Parece un despropósito ir al teatro a no ver. Aunque es verdad que, por lo general, una puesta en escena también se vale de la música y que poca relación tiene la vista con lo entretenido que resulte un diálogo ingenioso, ¿cómo perderse del movimiento de los actores por el escenario, de sus expresiones faciales y sus gestos? Si bien la vista suele ser el eje del goce de este arte, existe otro tipo de teatro, uno que se disfruta con los ojos vendados.
Aristóteles concluyó que el fin de la tragedia es provocar una catarsis en el espectador, la purificación a través del miedo y la compasión que se experimenta al ver el propio reflejo en los personajes de la obra. El espectador, aunque quedaba como punto y aparte de la acción en escena, era la unidad de medición del éxito de la obra: si éste se conmovía, la tragedia alcanzaba su fin. El teatro sensorial también busca la provocación de emociones y sensaciones en el público, pero lo logra utilizando medios radicalmente distintos a los de la tragedia clásica, los cuales consisten en estimular directamente los sentidos de los asistentes.
Quienes contamos con nuestros cinco sentidos íntegros le damos a la vista un lugar primordial y dependemos infinitamente de ella, nos demos cuenta o no. Aunque el oído, el olfato, el gusto y el tacto también nos proporcionen información sobre el mundo a nuestro alrededor, lo que vemos es lo que tomamos como verdadero. Además, en muchas ocasiones es la vista la que nos guía; así, por ejemplo, un transeúnte puede andar con los audífonos puestos, pero no con los ojos cerrados. El teatro sensorial nos invita a poner la vista en un segundo plano, mientras permitimos que los actores nos guíen a través de un viaje de sensaciones, olores, texturas y sonidos.
El teatro sensorial no necesita espectadores, sino participantes, pues quien asiste a un evento de este tipo hace todo menos ver una obra de teatro. La experiencia comienza con la indicación de colocarse unos goggles o una venda en los ojos, de manera que los asistentes queden a merced de los artistas, que se encargarán de hacerlos viajar, ya sea contándoles una historia o llevándolos paso a paso por un proceso de autodescubrimiento a través de los cuatro sentidos restantes.
Sin la vista se abre un espacio de vulnerabilidad. La única guía para el público son los actores, así que de ellos dependerá crear una atmosfera donde resulte seguro exponer la fragilidad para sentir, oler, oír e incluso degustar. Los actores del teatro sensorial deben convencer a los participantes de jugar junto con ellos —en inglés, el verbo play puede referirse a jugar o a actuar en una puesta en escena, y el teatro sensorial ilustra esta convergencia de significados. Lo que el actor solicita del público durante el espectáculo es que se una en la acción, de la misma forma en que, de niños, acordábamos con los amigos que éramos tal o cual cosa y vivíamos una aventura imposible, pero convenida por las partes implicadas.
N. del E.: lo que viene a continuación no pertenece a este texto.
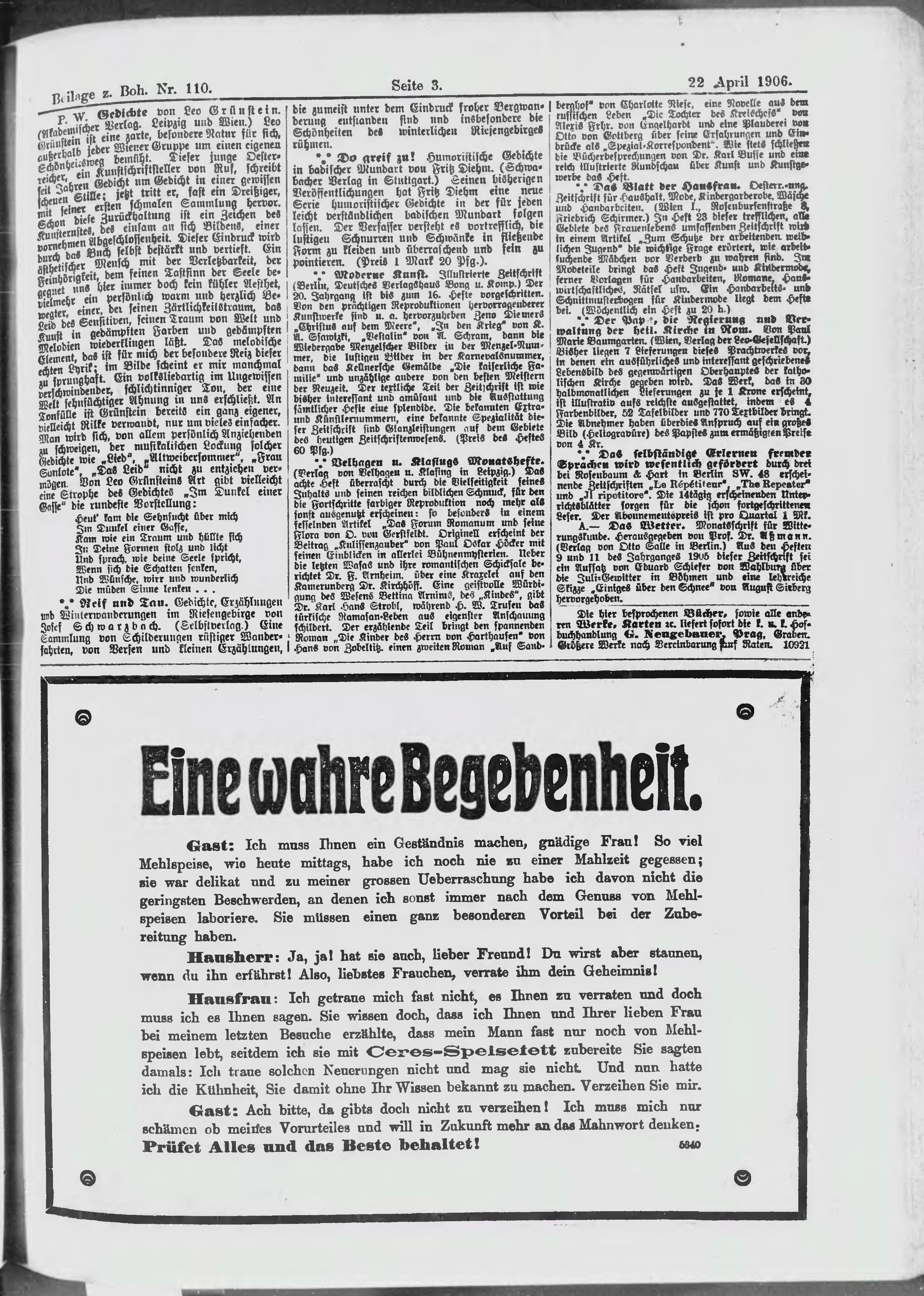 * Datum vydání výtisku: 22.4.1906 Číslo výtisku: 110 Typ výtisku: příloha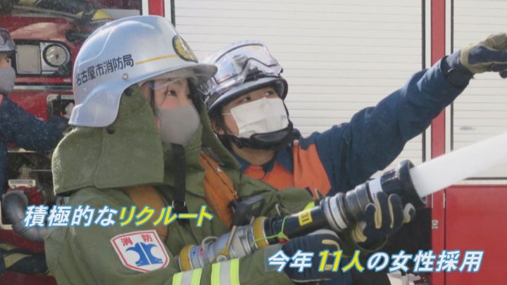 国は、全国の消防署の女性消防職員の割合を5%にするよう呼びかけ、名古屋消防でも積極的なリクルートを行い、今年は11人を採用しました。

Quienes consigan sumergirse en la obra de este modo inocente, se enriquecerán al percatarse de las posibilidades que tienen para conocer con sus demás sentidos. Aunque, por otro lado, hay que decir que esta clase de experiencia puede resultar desafiante para algunos: los más introvertidos podrían sentirse invadidos en su espacio y quizá se resistan a entrar en el juego. Así, el teatro sensorial también revelará nuestro nivel de confianza y apertura para dejarnos guiar por otros.
Pese a que el público es llevado por el mismo grupo de actores, nadie vive la misma obra de teatro: ni el que se niega a jugar ni el que decide fundirse con la atmósfera creada. El teatro sensorial constituye una experiencia única para cada persona, pues resulta más fácil que todos los espectadores de una obra tradicional coincidan en que vieron al villano meterle el pie al personaje principal, a que todo un grupo encuentre agradable un mismo aroma o sabor. La vainilla, por ejemplo, puede resultar muy dulce para unos, demasiado común para otros, y para algunos más ser un gran clásico. Con cada estímulo se provocan reacciones internas en los asistentes —agradables o no—, que los llevan a descubrir algo sobre sí mismos. Todo gracias a permitir que los sentidos que usualmente hablan en voz baja o se encuentran silenciados tomen la palabra.